Ruth Madoff, who was considered “innocent at first,” according to this source, is believed to have received at least $70 million from her husband and is now therefore an object of the investigation. That is one reason why she recently decided to retain her own lawyer, leaving Ira Sorkin, who has represented both of the Madoffs since December, when the Ponzi scheme was revealed.

Investigators are focusing their attention on three groups of possible co-conspirators. “There should be at least 20 indictments, between the three groups, if the feds are doing their jobs,” said one highly placed lawyer involved in the case. “Some will be conspiracy, the ones who were deep into it with Madoff, and others will be civil cases sent to the SEC for prosecution.”

(Lawyers and prosecutors who spoke to The Daily Beast for this article declined to go on the record, citing their legal involvement in the case.)

In the first group are employees of Madoff’s firm who concocted false trades and sent out phony statements to thousands of unsuspecting clients.

The second group is comprised of principals in feeder funds such as Cohmad Securities Corp. and Fairfield Greenwich Group, which funneled investor dollars to Madoff and received large fees for steering this business. If they were aware of Madoff’s fraud, they could face criminal charges; if they were not, they could be hit with civil charges for a lack of due diligence.

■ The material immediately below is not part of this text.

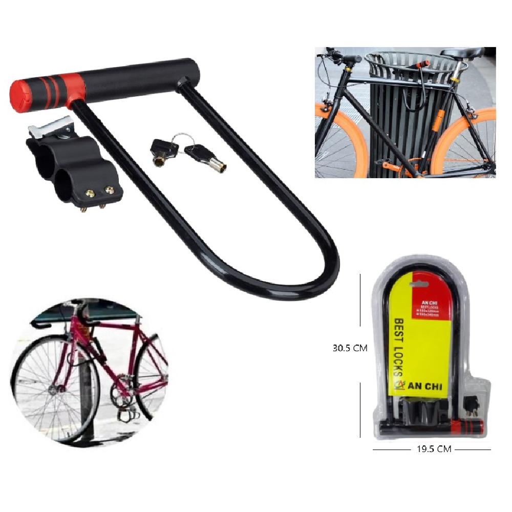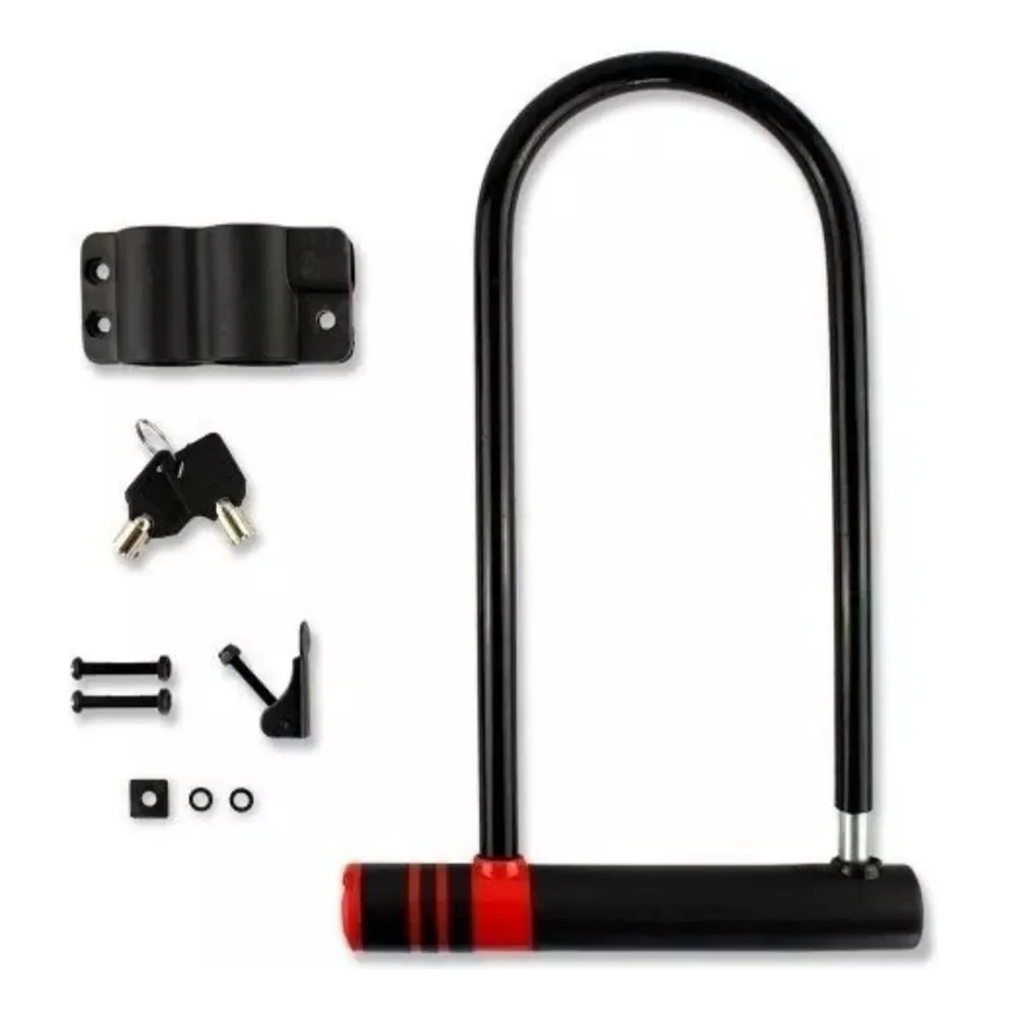 Candado de seguridad tipo herradura con soporte atornillable. Ideal para bicicletas y motos.

“It’s a question of state of mind,” said a lawyer for a Madoff employee. “If the feeder fund principals like Walter Noel of Fairfield Greenwich or Robert Jaffee of Cohmad didn’t ask Madoff any questions, if they simply turned the money over to a Madoff account without doing the work they were supposed to do to make sure their clients were well-protected, they would be guilty of fiduciary violations, which is a civil matter. But if they knew about the Ponzi scheme, if they had the intention to deceive, that is a felony.”

One attorney close to the defense team of Walter Noel, who is reported to have offshore bank accounts, says the belief is that Noel could be indicted in England on money laundering charges.

UPDATE: The Wall Street Journal reports on the status of investigations of Madoff’s in-house conspirators, including Ruth and brother Peter. Nothing earth shattering there, yet.